= Beginning of Section =

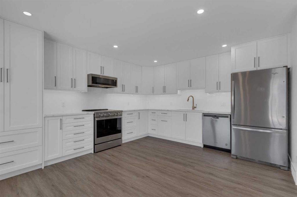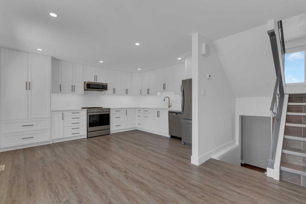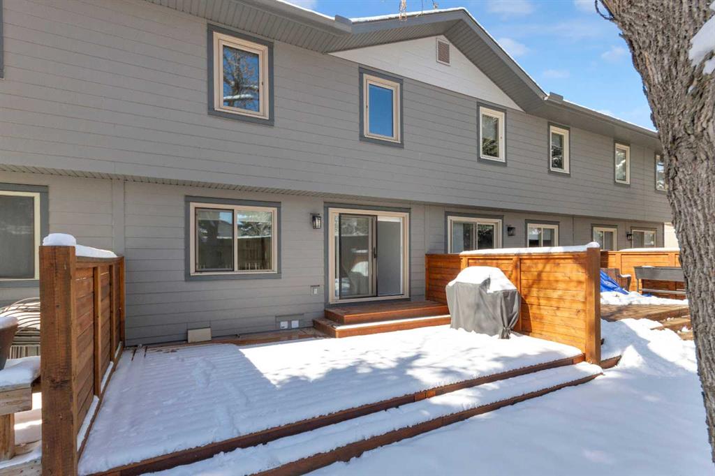 Welcome to this spacious, updated townhome located on Fish Creek Park. Woodacres is a desirable condo complex with 23 residences in exclusive Woodacres in Woodbine. Plenty of natural light floods the beautifully renovated white kitchen with stainless steel appliances. The dining nook is located in this large space where patio doors invite you onto the newer cedar patio with portable bbq. Views from the living room with cozy fireplace make relaxing a dream. The second bedroom with den/flex area is housed on the next level with updated 4-piece bathroom (original 2 bedrooms were converted to 1). Quietly situated on the top floor is the oversized Primary Bedroom with 3-piece ensuite, large closet and two windows. Located in the lower level you will find a family room, 2-piece bathroom, utility room and storage. The single garage has direct access into the foyer. Storage unit and extra fridge included. Additionally, there is space for a second vehicle in the front driveway. Upgrades to this property include; kitchen, laminate flooring, windows, main bathroom and cedar deck. Hardy board siding, along with garage doors and outdoor lighting were also completed in the past few years. Bebo Gardens in Fish Creek Park is steps away. Easy access to shopping, schools and transportation. Quick possession available.
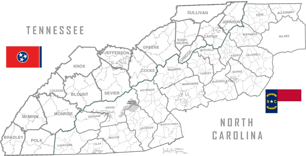 Most of these mountains are located in the Great Smoky Mountains National Park (abbreviated GSMNP in the list), Mount Mitchell State Park (MMSP), along the Blue Ridge Parkway (BRP), or in the Cherokee or Pisgah National Forest. There are a few, though, that are located on private property. All of these mountains are located within 32 miles (51 km) of the North Carolina - Tennessee border,[1] with 12 on the state border itself and many more on various county borders.
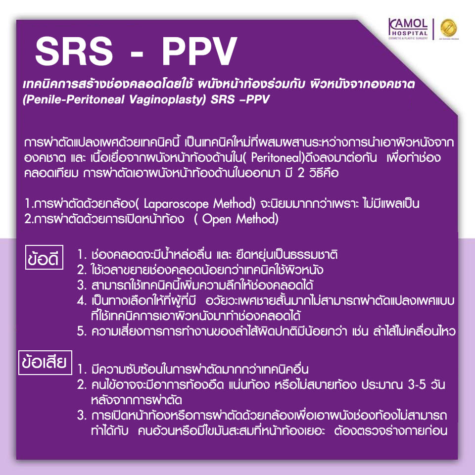 3. การนำผิวหนังจากบริเวณอวัยวะเพศชายเดิมหรือจากถุงอัณฑะไปสร้างเป็นผนังช่องคลอดจะได้ช่องคลอดใหม่เหมือนผู้หญิง

= End of Section =

▸ Your objective:
Restate the whole listing above exactly, except for its images.

▸ Output of the exercise:
 Welcome to this spacious, updated townhome located on Fish Creek Park. Woodacres is a desirable condo complex with 23 residences in exclusive Woodacres in Woodbine. Plenty of natural light floods the beautifully renovated white kitchen with stainless steel appliances. The dining nook is located in this large space where patio doors invite you onto the newer cedar patio with portable bbq. Views from the living room with cozy fireplace make relaxing a dream. The second bedroom with den/flex area is housed on the next level with updated 4-piece bathroom (original 2 bedrooms were converted to 1). Quietly situated on the top floor is the oversized Primary Bedroom with 3-piece ensuite, large closet and two windows. Located in the lower level you will find a family room, 2-piece bathroom, utility room and storage. The single garage has direct access into the foyer. Storage unit and extra fridge included. Additionally, there is space for a second vehicle in the front driveway. Upgrades to this property include; kitchen, laminate flooring, windows, main bathroom and cedar deck. Hardy board siding, along with garage doors and outdoor lighting were also completed in the past few years. Bebo Gardens in Fish Creek Park is steps away. Easy access to shopping, schools and transportation. Quick possession available.
 Most of these mountains are located in the Great Smoky Mountains National Park (abbreviated GSMNP in the list), Mount Mitchell State Park (MMSP), along the Blue Ridge Parkway (BRP), or in the Cherokee or Pisgah National Forest. There are a few, though, that are located on private property. All of these mountains are located within 32 miles (51 km) of the North Carolina - Tennessee border,[1] with 12 on the state border itself and many more on various county borders.
 3. การนำผิวหนังจากบริเวณอวัยวะเพศชายเดิมหรือจากถุงอัณฑะไปสร้างเป็นผนังช่องคลอดจะได้ช่องคลอดใหม่เหมือนผู้หญิง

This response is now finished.